• _Supplied material_

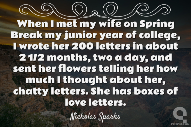 When I met my wife on Spring Break my junior year of college, I wrote her 200 letters in about 2 1/2 months, two a day, and sent her flowers telling her how much I thought about her, chatty letters. She has boxes of love letters.
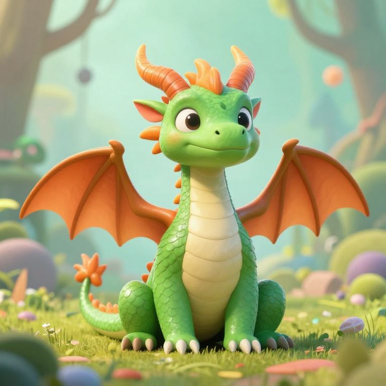 A whimsical, anthropomorphic dragon with vibrant green scales, orange-tipped horns, and playful orange wings sits serenely, exuding charm and wonder in a dreamlike, otherworldly realm.
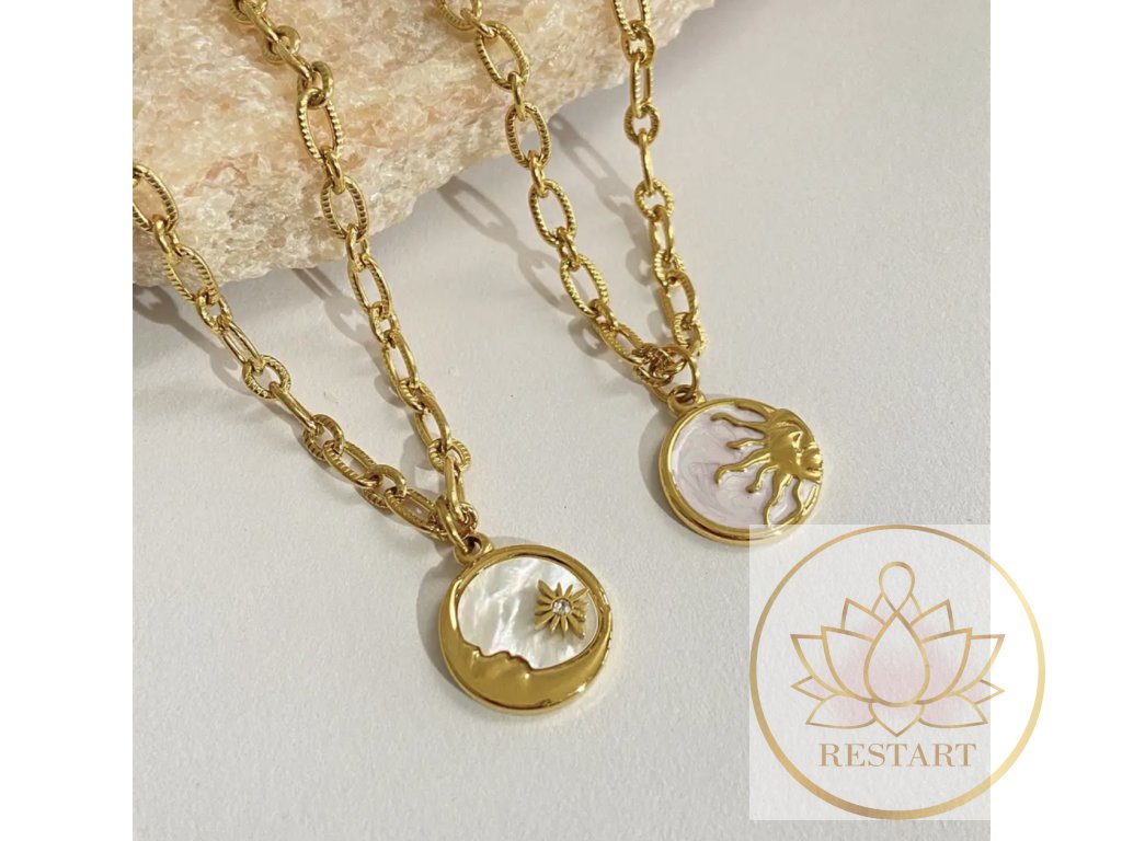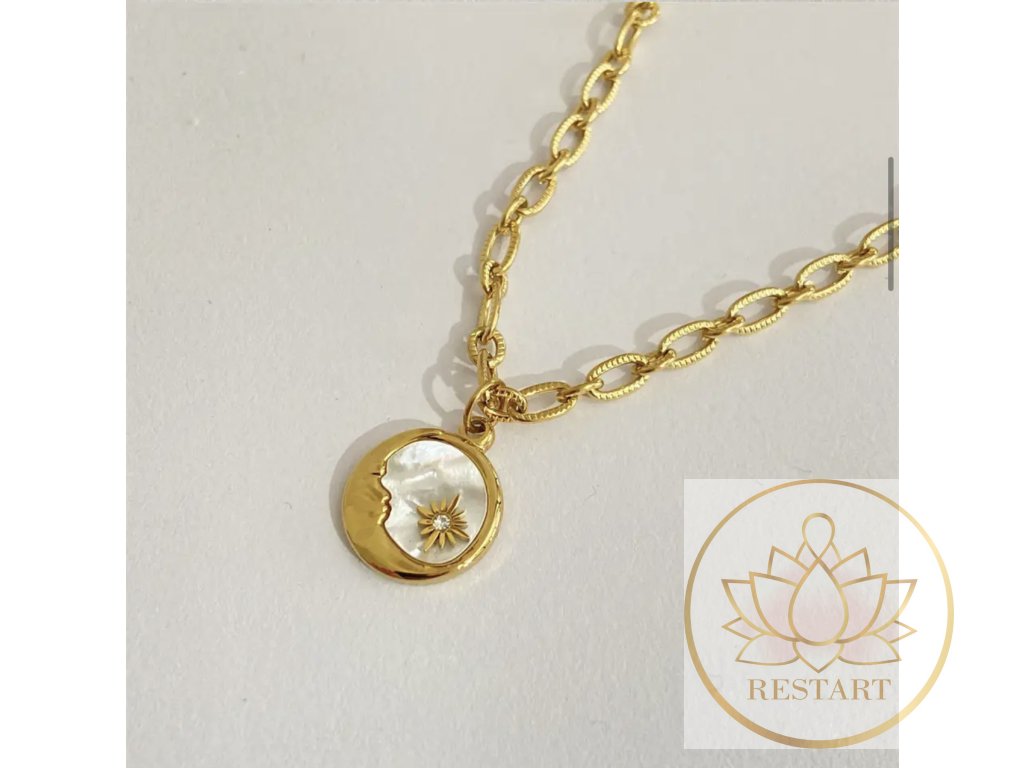 Kouzelný náhrdelník s motivem měsíce na bílé perleťi rozzáří váš dekolt a přinese kouzlo do vašeho dne.
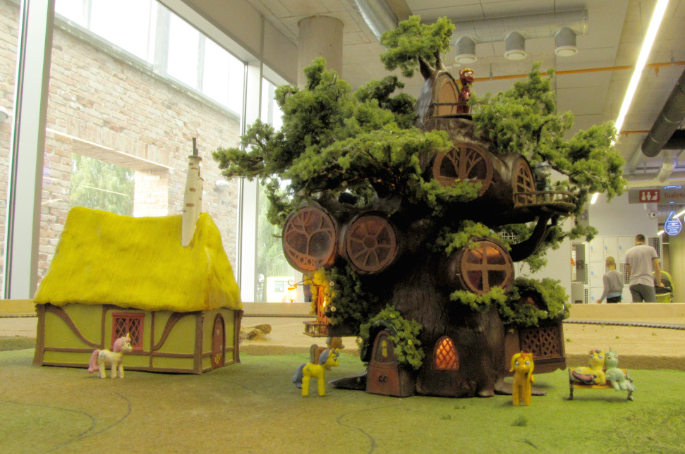 Sai siis see omanäoline pesa kah valmis. Kas just nüüd pesa, see on hoopis Ponyville raamatukogu. Tüvi on polümeersavist, mis sai vastava kujuga paberist jorna otsas vormitud. Pärast savi kõvastamist rookisin paberi välja. Okstega oli pikem kaalumine, kas põdrasammal või traadiväänutamine, viimaks otsustasin traadiväänamise kasuks. (nn twisted wire tree). Kaks viga lipsas sisse: juhe, mis kooritud sai, oli veits peenekiuline, oksad jäid veidi pehmeks (hilisemal lähemal uurimisel soovitati kuskil tutorialis maandusjuhet kasutada, millel on kiud jämedamad ja tugevamad). Teiseks ma kasutasin poroloonipuru tarvis spray liimi, mida Noores Tehnikus müüakse ja mis spetsiaalselt poroloni tarvis tehtud. See aga oli vahune ja jäi valkjaks nagu nohupurtsatus. Õnneks ei paista väga välja rohelise alt, aga see meeldinuks paremini, kui liim jäänuks läbipaistvaks.
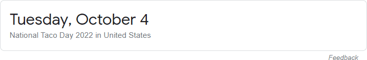 While it’s not much fun to think about, it’s important as a professional SEO to realize when you’re heading into territory that could be usurped by the Knowledge Graph. For example, there used to be an entire niche of sites devoted to providing the dates of notable events. Now, if I run a search like “When is National Taco Day?”, I’ll simply get a Knowledge Card:
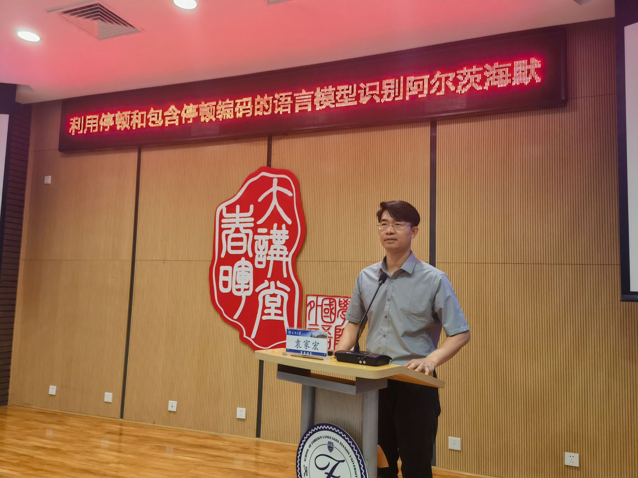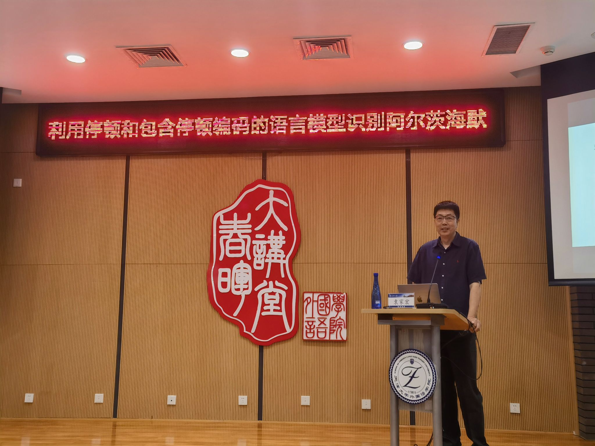 In a humorous and plain language, Prof Yuan Jiahong introduced the markedly differences in speech pause patterns between Alzheimer's patients and healthy individuals. The lecture primarily delved into utilizing these pause characteristics within the framework of Transformer-based language models to aid in the identification of Alzheimer's disease. The findings of this research are poised to substantially enhance the accuracy of automatic Alzheimer's disease identification through spoken language.
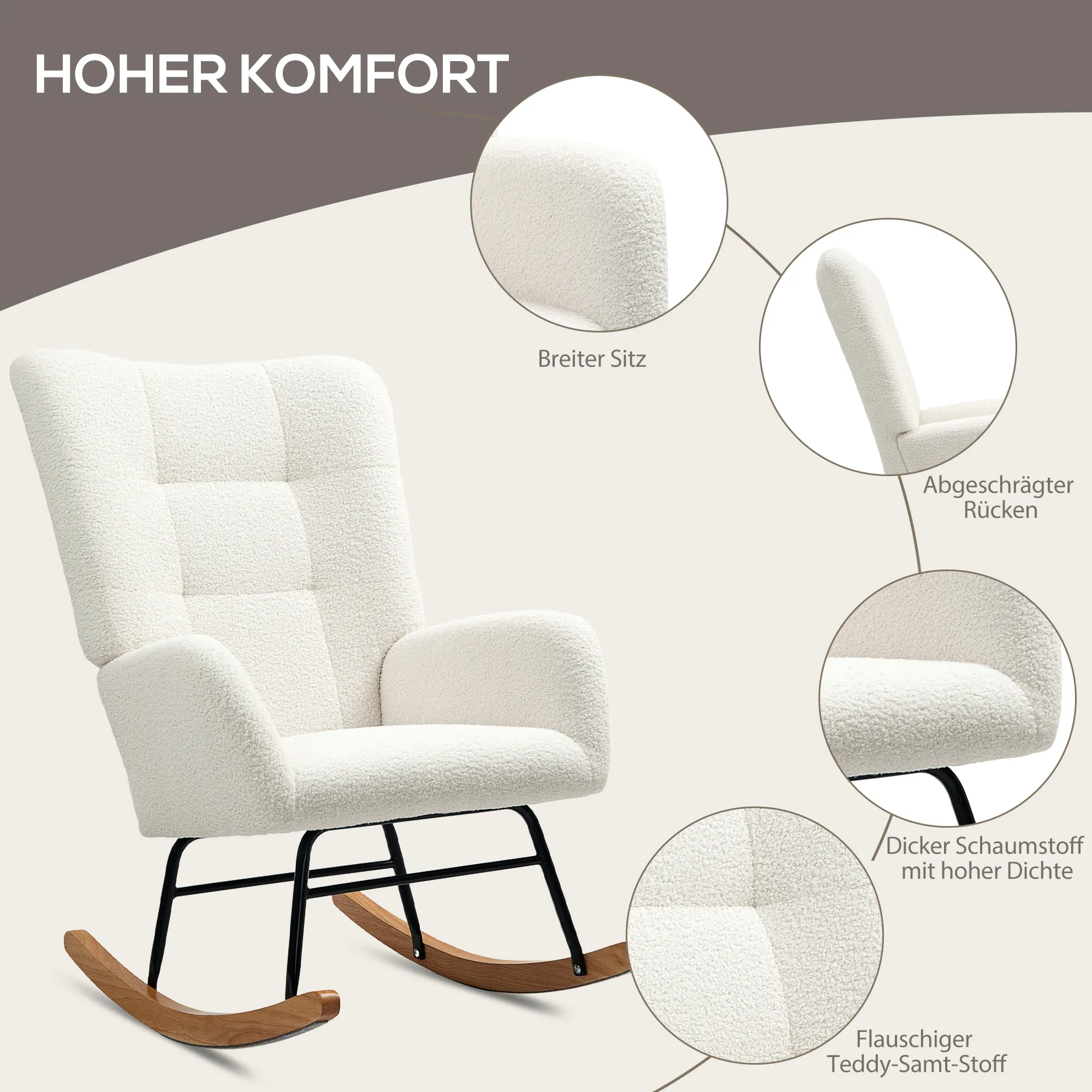 Eleganter Schaukelstuhl 70B x 94T x 100H cm in Cremeweiß
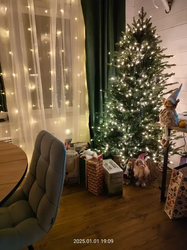 Одной из главных особенностей модели является встроенная LED-подсветка тёплого свечения. Светодиоды заранее закреплены на каждой ветке, создавая уютный и волшебный свет. Гирлянда подключается через специальные коннекторы, что позволяет быстро собрать ёлку.

• _What is expected_
The answer should hold every line of the listing, copied exactly, with no pictures.

• _Response_
 When I met my wife on Spring Break my junior year of college, I wrote her 200 letters in about 2 1/2 months, two a day, and sent her flowers telling her how much I thought about her, chatty letters. She has boxes of love letters.
 A whimsical, anthropomorphic dragon with vibrant green scales, orange-tipped horns, and playful orange wings sits serenely, exuding charm and wonder in a dreamlike, otherworldly realm.
 Kouzelný náhrdelník s motivem měsíce na bílé perleťi rozzáří váš dekolt a přinese kouzlo do vašeho dne.
 Sai siis see omanäoline pesa kah valmis. Kas just nüüd pesa, see on hoopis Ponyville raamatukogu. Tüvi on polümeersavist, mis sai vastava kujuga paberist jorna otsas vormitud. Pärast savi kõvastamist rookisin paberi välja. Okstega oli pikem kaalumine, kas põdrasammal või traadiväänutamine, viimaks otsustasin traadiväänamise kasuks. (nn twisted wire tree). Kaks viga lipsas sisse: juhe, mis kooritud sai, oli veits peenekiuline, oksad jäid veidi pehmeks (hilisemal lähemal uurimisel soovitati kuskil tutorialis maandusjuhet kasutada, millel on kiud jämedamad ja tugevamad). Teiseks ma kasutasin poroloonipuru tarvis spray liimi, mida Noores Tehnikus müüakse ja mis spetsiaalselt poroloni tarvis tehtud. See aga oli vahune ja jäi valkjaks nagu nohupurtsatus. Õnneks ei paista väga välja rohelise alt, aga see meeldinuks paremini, kui liim jäänuks läbipaistvaks.
 While it’s not much fun to think about, it’s important as a professional SEO to realize when you’re heading into territory that could be usurped by the Knowledge Graph. For example, there used to be an entire niche of sites devoted to providing the dates of notable events. Now, if I run a search like “When is National Taco Day?”, I’ll simply get a Knowledge Card:
 In a humorous and plain language, Prof Yuan Jiahong introduced the markedly differences in speech pause patterns between Alzheimer's patients and healthy individuals. The lecture primarily delved into utilizing these pause characteristics within the framework of Transformer-based language models to aid in the identification of Alzheimer's disease. The findings of this research are poised to substantially enhance the accuracy of automatic Alzheimer's disease identification through spoken language.
 Eleganter Schaukelstuhl 70B x 94T x 100H cm in Cremeweiß
 Одной из главных особенностей модели является встроенная LED-подсветка тёплого свечения. Светодиоды заранее закреплены на каждой ветке, создавая уютный и волшебный свет. Гирлянда подключается через специальные коннекторы, что позволяет быстро собрать ёлку.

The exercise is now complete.